Exclude the images, then return every line below exactly as written.

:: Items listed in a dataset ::
↓↓↓
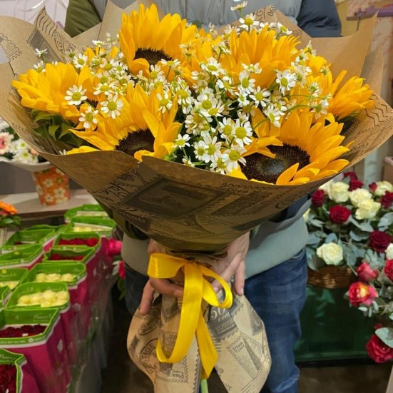Букет из ромашек и подсолнухов в Иркутске
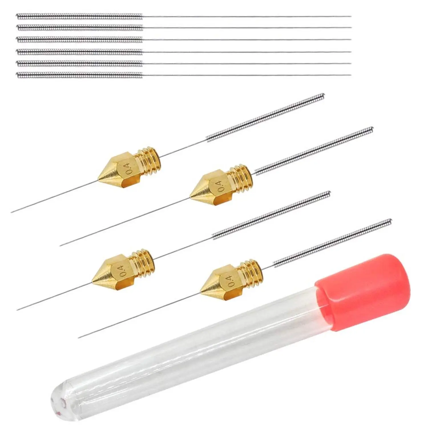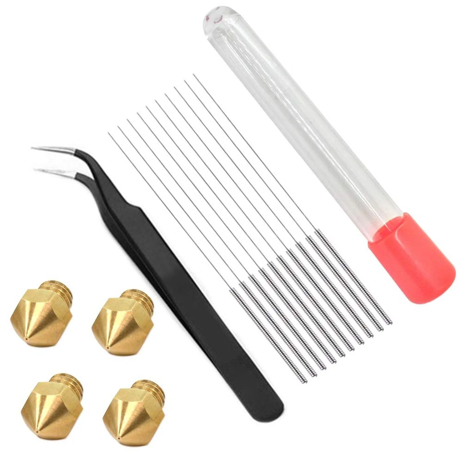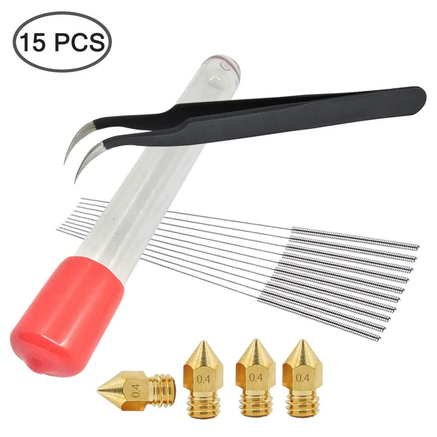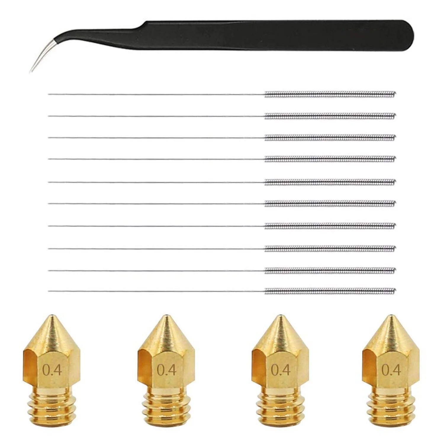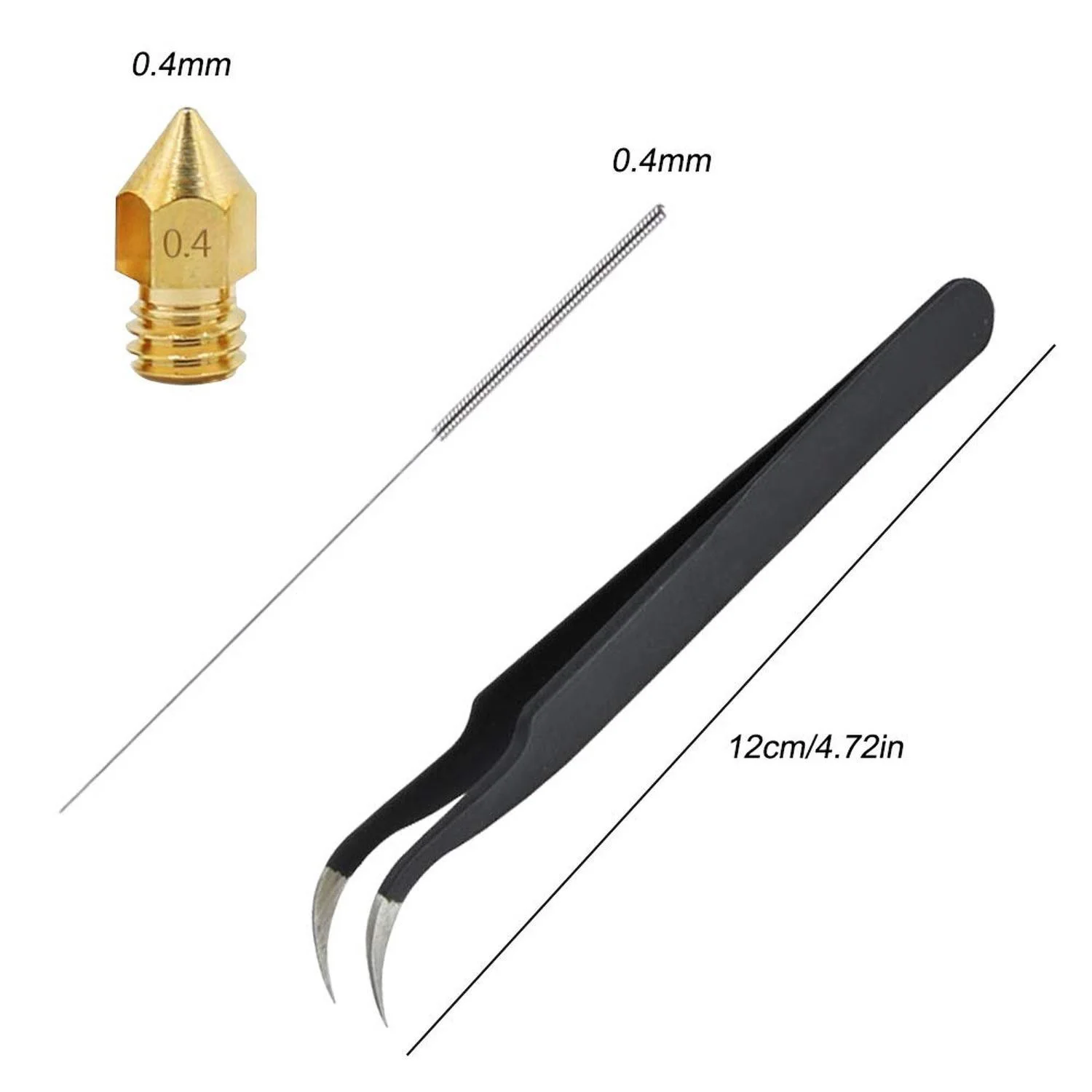 * Это набор аксессуаров для 3D-принтера, этот набор включает в себя один пинцет, четыре 0,4 мм насадок для экструдера и десять 0,4 мм чистящие иглы сопла.
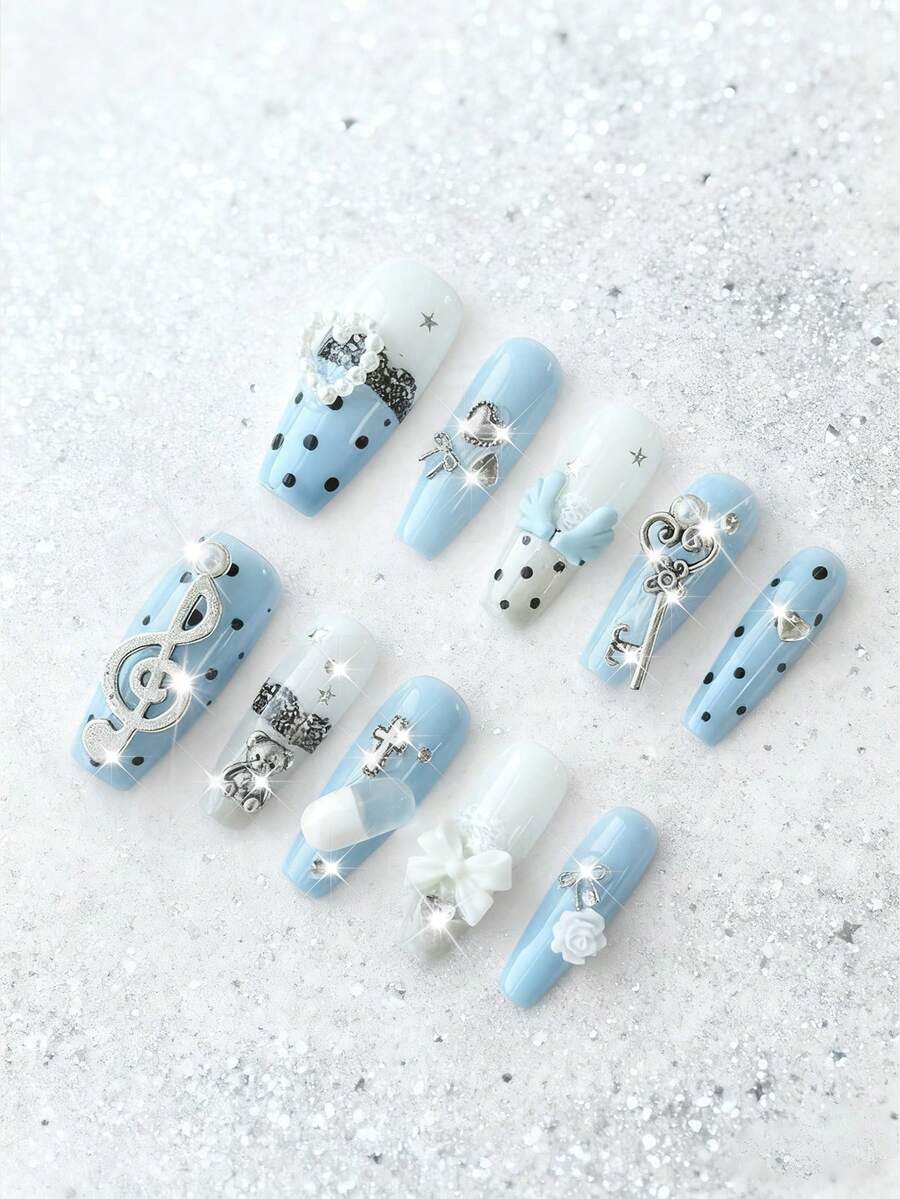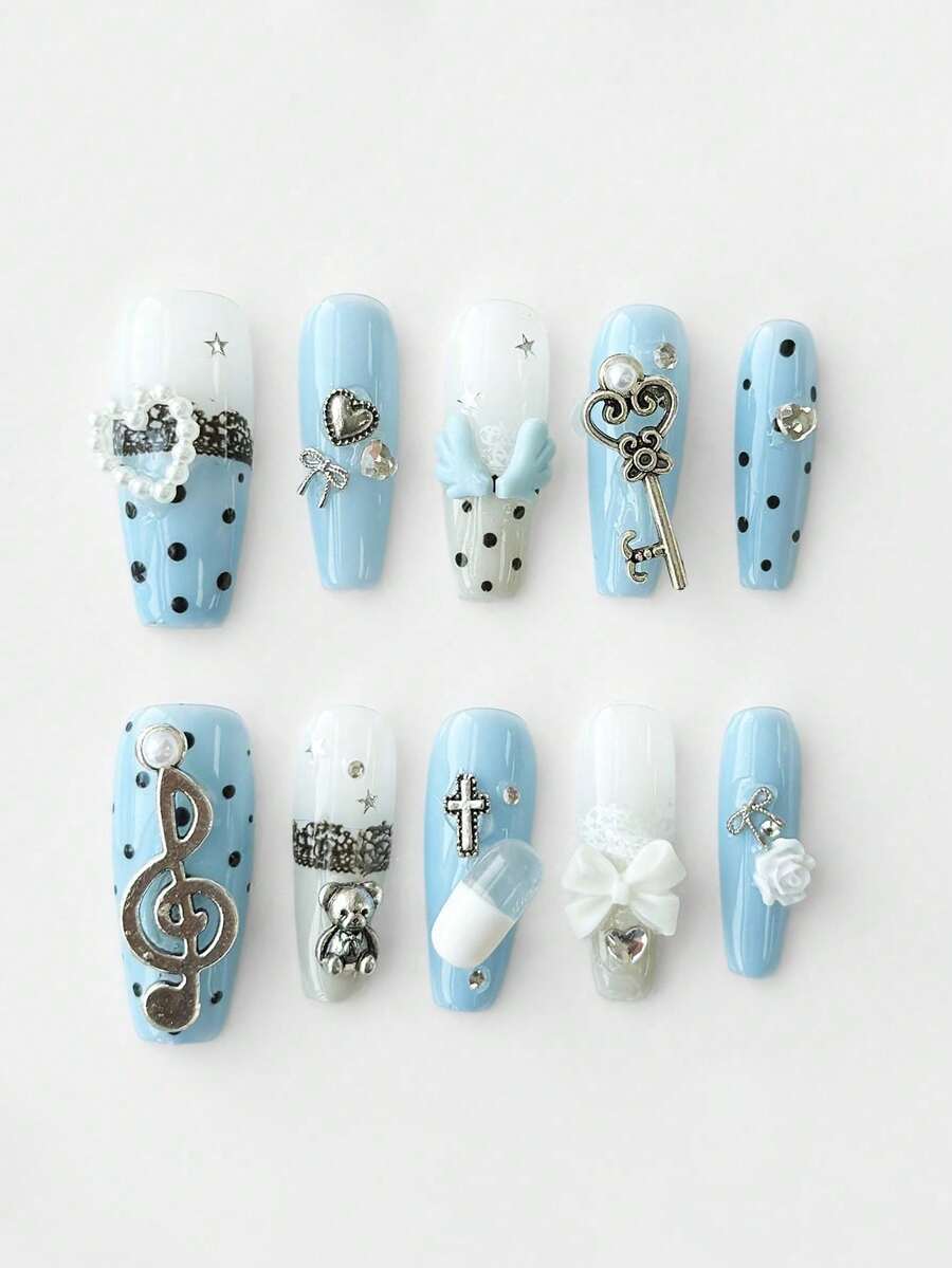 Kawaii 10 Stück süße Flügel, Musiknote, Stern Spitzenrand Polka Punkt handbemalte hochwertige Kunstnägel + 3 Stück doppelseitiger Kleber, abnehmbare & wiederverwendbare Sarg-förmige Fake Nägel, Schleife Element Nagel Aufkleber, geeignet für Feiertage, Partys, Tanzen und den täglichen Gebrauch
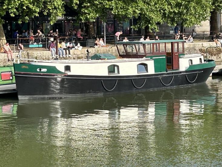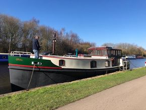 Opal is a Dutch Barge to the Branson Katherine design built by South Holland Fabrications in 2003. She has recently undergone a full hull repaint in epoxy in October 24 with topsides repainted in Spring 25. Her fuel tanks have been recently emptied and cleaned and new fuel added. She has new covers to dog house and wheelhouse and a host of other updates an improvements including a boiler burner rebuild also in 25, rudder re-hung, steering ram rebuilt, etc.
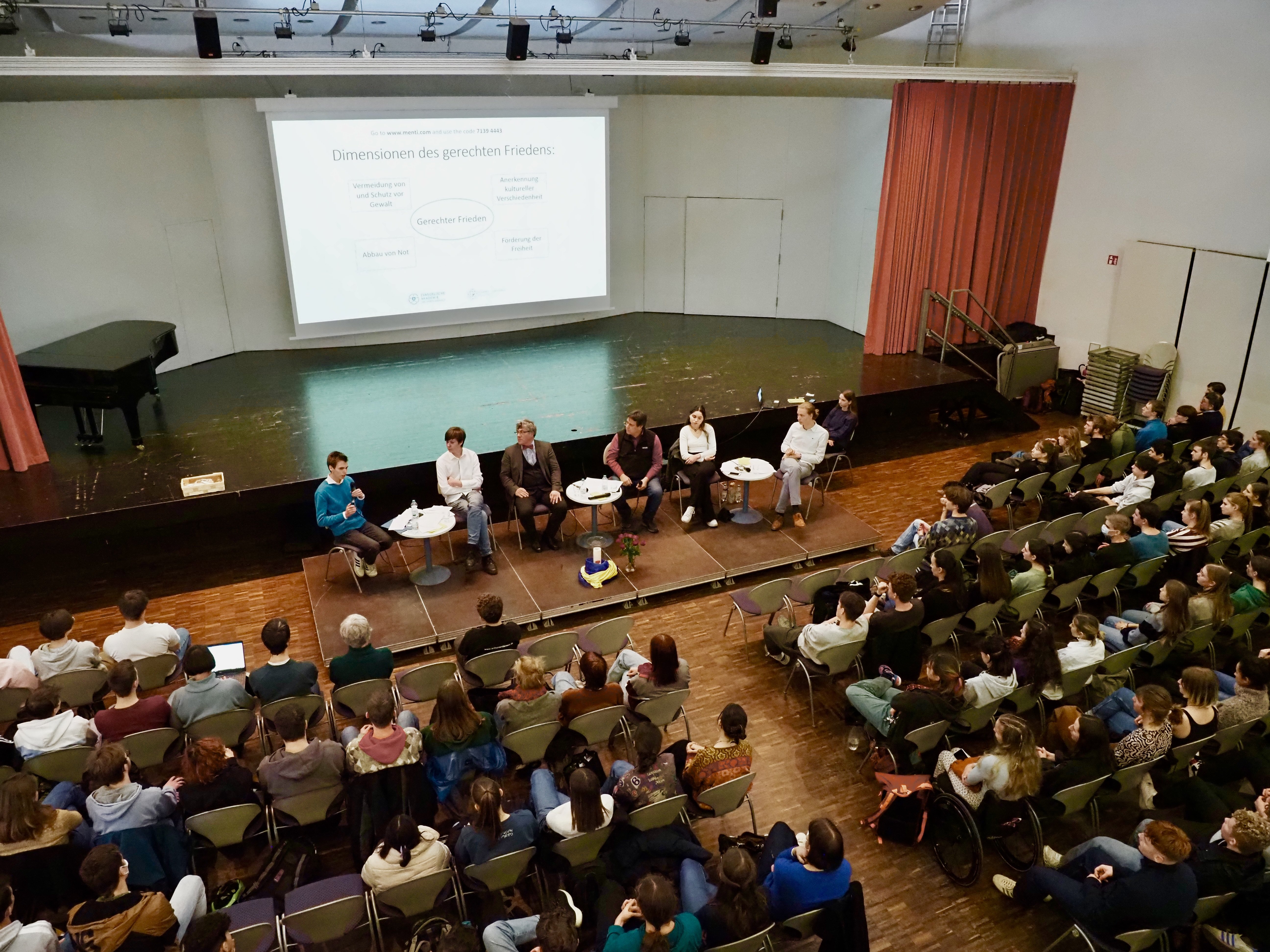 An der Diskussion nahmen fast 300 Schüler:innen aus den 10., 11. und 12. Klassen teil, die der fast zweistündigen Diskussion engagiert und auch emotional involviert folgten und sich per Mentimeter und mit Redebeiträgen einbrachten.
↑↑↑
:: OUTPUT BELOW ::
Букет из ромашек и подсолнухов в Иркутске
 * Это набор аксессуаров для 3D-принтера, этот набор включает в себя один пинцет, четыре 0,4 мм насадок для экструдера и десять 0,4 мм чистящие иглы сопла.
 Kawaii 10 Stück süße Flügel, Musiknote, Stern Spitzenrand Polka Punkt handbemalte hochwertige Kunstnägel + 3 Stück doppelseitiger Kleber, abnehmbare & wiederverwendbare Sarg-förmige Fake Nägel, Schleife Element Nagel Aufkleber, geeignet für Feiertage, Partys, Tanzen und den täglichen Gebrauch
 Opal is a Dutch Barge to the Branson Katherine design built by South Holland Fabrications in 2003. She has recently undergone a full hull repaint in epoxy in October 24 with topsides repainted in Spring 25. Her fuel tanks have been recently emptied and cleaned and new fuel added. She has new covers to dog house and wheelhouse and a host of other updates an improvements including a boiler burner rebuild also in 25, rudder re-hung, steering ram rebuilt, etc.
 An der Diskussion nahmen fast 300 Schüler:innen aus den 10., 11. und 12. Klassen teil, die der fast zweistündigen Diskussion engagiert und auch emotional involviert folgten und sich per Mentimeter und mit Redebeiträgen einbrachten.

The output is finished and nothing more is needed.